LOOCV offers the advantage of lower bias compared to the validation approach. Unlike the validation method, which produces varying MSE values upon repeated application due to the random splitting process, LOOCV consistently yields the same results when performed multiple times, as each iteration involves splitting based on one observation at a time. However, a notable disadvantage of LOOCV is its high computational intensity, as it requires fitting the model repeatedly for each individual observation, which can be resource-intensive, particularly with large datasets.
library(ISLR)
data("Default")
logit_model <- glm(default ~ income + balance, data = Default, family = binomial)
summary(logit_model)
##
## Call:
## glm(formula = default ~ income + balance, family = binomial,
## data = Default)
##
## Coefficients:
## Estimate Std. Error z value Pr(>|z|)
## (Intercept) -1.154e+01 4.348e-01 -26.545 < 2e-16 ***
## income 2.081e-05 4.985e-06 4.174 2.99e-05 ***
## balance 5.647e-03 2.274e-04 24.836 < 2e-16 ***
## ---
## Signif. codes: 0 '***' 0.001 '**' 0.01 '*' 0.05 '.' 0.1 ' ' 1
##
## (Dispersion parameter for binomial family taken to be 1)
##
## Null deviance: 2920.6 on 9999 degrees of freedom
## Residual deviance: 1579.0 on 9997 degrees of freedom
## AIC: 1585
##
## Number of Fisher Scoring iterations: 8
train <- sample(dim(Default)[1], dim(Default)[1]*0.50)
test <- Default[-train, ]
logit_model2 <- glm(default ~ income+ balance, data = Default, family = 'binomial', subset = train)
summary(logit_model2)
##
## Call:
## glm(formula = default ~ income + balance, family = "binomial",
## data = Default, subset = train)
##
## Coefficients:
## Estimate Std.
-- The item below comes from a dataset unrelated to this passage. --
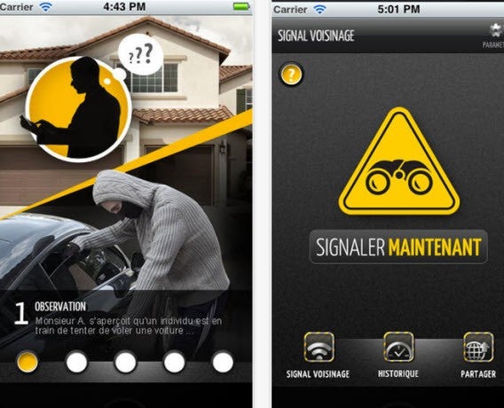 Un cambrioleur semble rôder près de chez vous ? Un intrus se trouve dans la propriété de votre voisin ? Alertez le quartier via l’application française VigiVoisin vendue sur l’Apple Store et Google Play.

Error z value Pr(>|z|)
## (Intercept) -1.147e+01 6.147e-01 -18.653 < 2e-16 ***
## income 2.229e-05 7.085e-06 3.146 0.00166 **
## balance 5.594e-03 3.194e-04 17.512 < 2e-16 ***
## ---
## Signif. codes: 0 '***' 0.001 '**' 0.01 '*' 0.05 '.' 0.1 ' ' 1
##
## (Dispersion parameter for binomial family taken to be 1)
##
## Null deviance: 1477.13 on 4999 degrees of freedom
## Residual deviance: 808.97 on 4997 degrees of freedom
## AIC: 814.97
##
## Number of Fisher Scoring iterations: 8
log_prob = predict(logit_model2, test, type = "response")
log_pred = rep("No", dim(Default)[1]*0.50)
log_pred[log_prob > 0.5] = "Yes"
table(log_pred, test$default)
##
## log_pred No Yes
## No 4814 112
## Yes 22 52
mean(log_pred !=test$default)
## [1] 0.0268
train <- sample(dim(Default)[1], dim(Default)[1]*0.50)
test <- Default[-train, ]
logit_model2 <- glm(default ~ income+ balance, data = Default, family = 'binomial', subset = train)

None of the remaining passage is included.